Los Angeles has never been a standout for venture capital compared with San Francisco, San Diego and Boston. But it attracted more interest last year.

John Morris, managing director of GKM Ventures, said companies in Northern California are commanding a 15 percent to 20 percent premium compared with those in Los Angeles. As a result, investors have been scouring Southern California for prospects and bidding up prices here as well. The Bay Area’s depth and quality of start-up companies’ management teams tends to be stronger because the area has a larger pool of senior-level managers to pick from.

Higher prices can be bad news for buy-out firms, which typically want to acquire companies at a discount. Increased competition can be brutal for VCs trying to put its existing funds to work.

“We’re anxious as hell to get our money out and we’re committing to do four deals in 2005,” Morris said, adding that GKM put out five investment offers but didn’t close on any deals in 2004. “A lot of firms really turned up the pace of activity and we got skunked.”

Among the hottest sectors are information technology, health services and businesses that cater to homeland security. Telecommunications and enterprise software continue to lag.

Liquidity events

Kline Hawkes & Co. invested roughly $3 million in Rent.com, which had originally planned on going public, but chose instead to be purchased in a mostly stock transaction.

Frank Kline, managing partner at Kline Hawkes, is bullish for 2005 and said he expects 50 percent revenue growth on average in 2004 from the company’s 35 portfolio investments. The Kline Hawkes California L.P. fund, launched in 1995, has posted total returns of 41.6 percent.

“The attitudinal mindset has changed from the entrepreneur’s point of view,” he said. “Now, for the first time, we’re seeing people leaving the security of their jobs to launch early-stage start-up companies.”

But for every Rent.com or eHarmony there are far more difficult investments that VCs still need to escape. While some portfolio companies are turning a profit, they still may not be IPO or acquisition material despite five or six years of funding.
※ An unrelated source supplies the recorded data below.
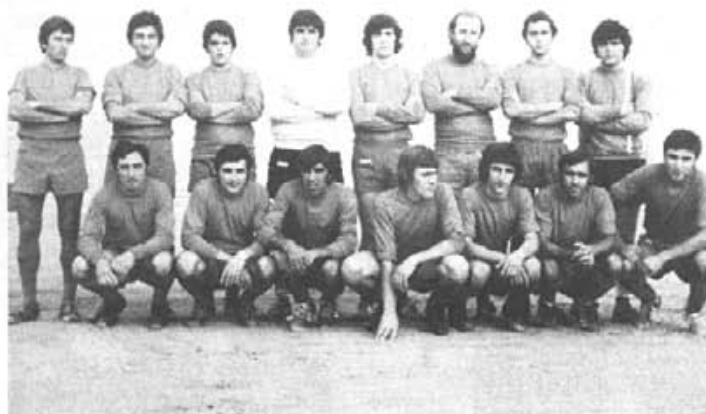
C.D. ALQUERIA (3ª REGIONAL), 76-77 - C.D. ALQUERIA (JUVENIL), 78-79

Recordant els inicis d'aquest club, se disputarà un partit entre els integrants de les dues primeres plantilles que hi va haver. S'intentarà repetir els dos onzes inicials que varen saltar al terreny de joc el primer partit de lliga.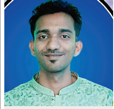
చిట్టాపూర్ మాజీ సర్పంచ్ కుమారుడు మృతి

ఢిల్లీ : లోక్సభ ఎన్నికలు-2024 నేపథ్యంలో ఆదాయపు పన్ను శాఖ రికార్డు స్థాయిలో ఏకంగా రూ.1100 కోట్ల విలువైన నగదు, ఆభరణాలను స్వాధీనం చేసుకుంది. 2019 లోక్సభ ఎన్నికల సమయంలో సీజ్ చేసిన రూ. 390 కోట్లతో పోలిస్తే ఇది 182 శాతం అధికమని ఆదాయ పన్ను శాఖ వరాలు వెల్లడించాయి. మే 30 నాటికి దేశవ్యాప్తంగా స్వాధీనం చేసుకున్న మొత్తం నగదు, ఆభరణాల విలువ సుమారు రూ.1100 కోట్లు ఉండొచ్చని తెలుస్తోంది. ఢిల్లీ, కర్ణాటకలో అత్యధిక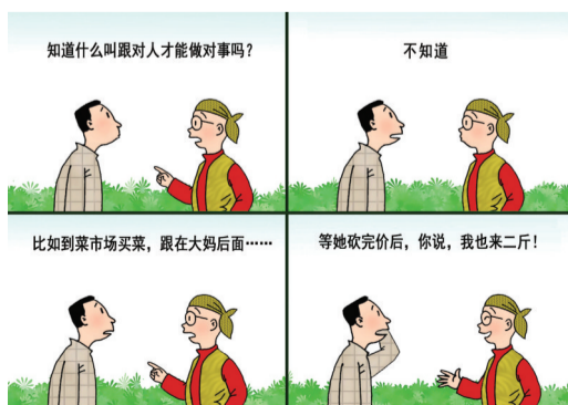
跟对人办对事 ■ 祁雪峰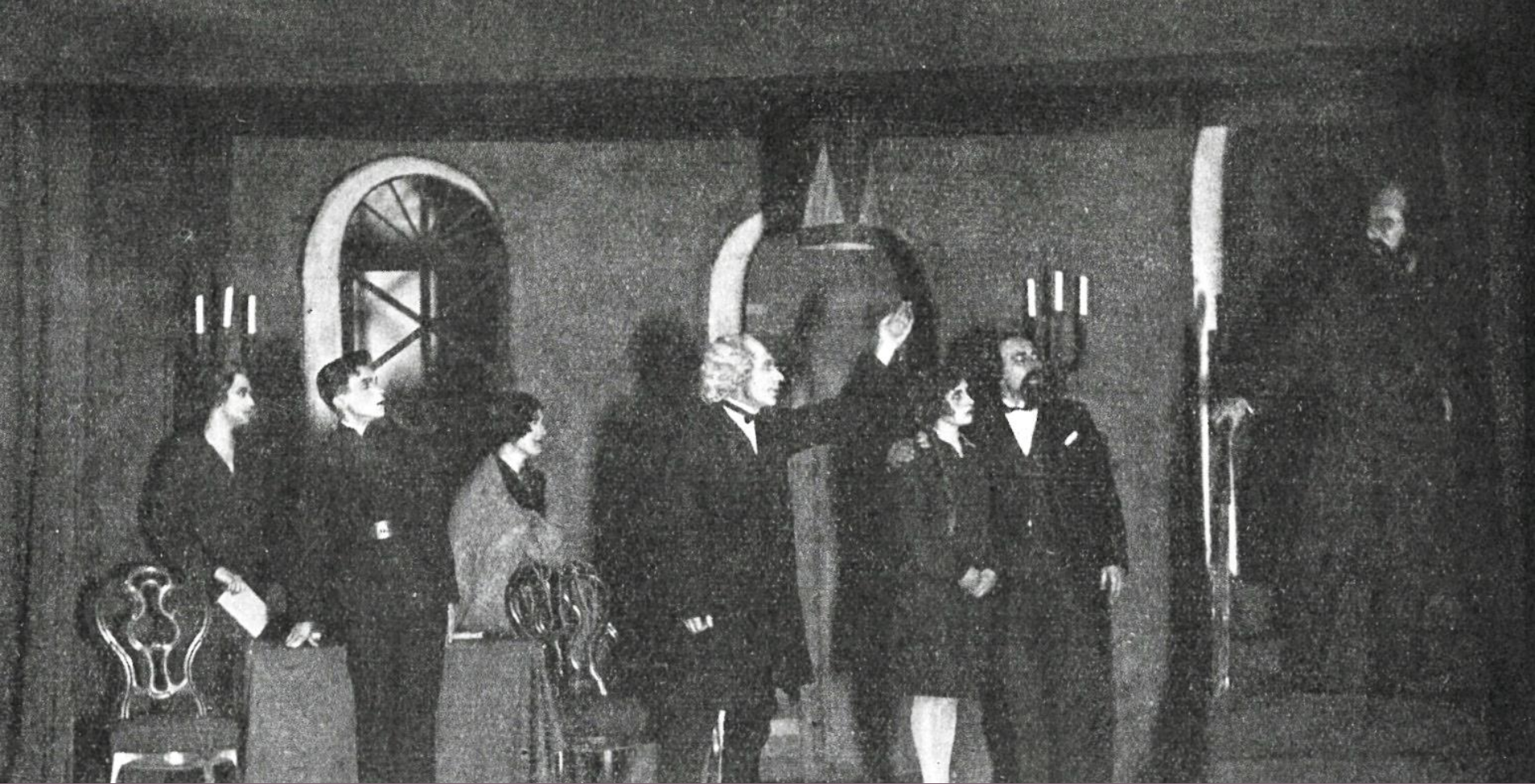
Limbažu teātris. R. Valtera «Torņi». Ilustrēts Žurnāls , Nr.12 (1928)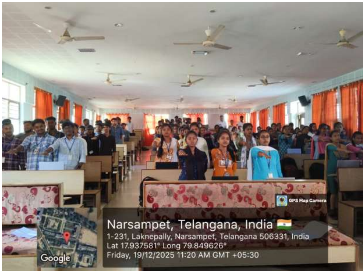
Cancer Prevention Pledge by students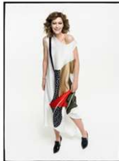
Slika 5 Modni brend I - gle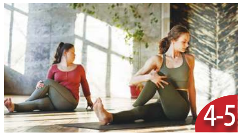
(書摘) 緩解腰部疼痛 健康活百歲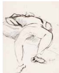
70 Emiro Lobo S/t, 1967 Tinta s/cartulina, 28 x 22.5 cm Firmado abajo derecha Precio Base: Bs. 600.000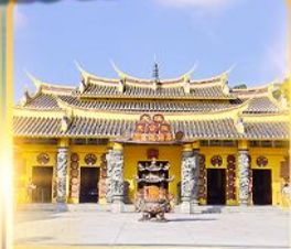
วัดชอพรเทพเจ้า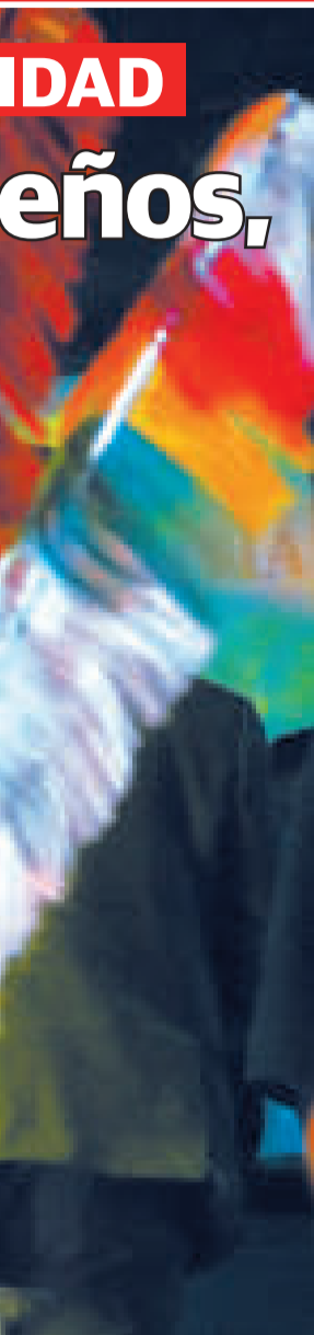
El Presidente recorre los espacios del Centro Cultural Gran Poder en La Paz.

“Es importante dejar un lugar para la perpetuidad del folklore. Tenemos muchos en el país. (El Centro Cultural Gran Poder) era una obra que estaba desechada por el gobierno de facto, había muchas obras desechadas, incluso el Ministerio de Culturas, pero nosotros lo repusimos para reservar el patrimonio del folklore”.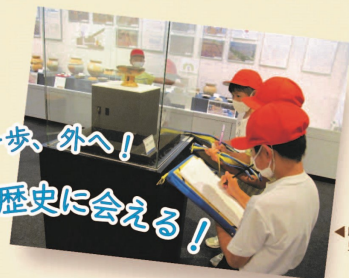
展示室での 見学の様子

遺跡の学び館は、盛岡市内にある 遺跡の発掘調査や考古資料の展示室、 体験学習などを行う考古歴史系博物館です。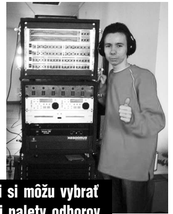
Študenti si môžu vybrať z pestrej palety odborov

To attract new money, some of the deals required changes to so-called “liquidation preferences,” which give insiders the right to a specific value of stock if the business is liquidated.

Renee LaBran, a partner at Rustic Canyon Partners in Los Angeles, said funds that were formed in 1999-2000 are coming to the end of their investment cycle and looking for later-stage deals. “Two years ago you had VCs sitting on their money and hesitant to spend it,” she said. “This year, they’re feeling more optimistic, more willing to do A-round funding again.”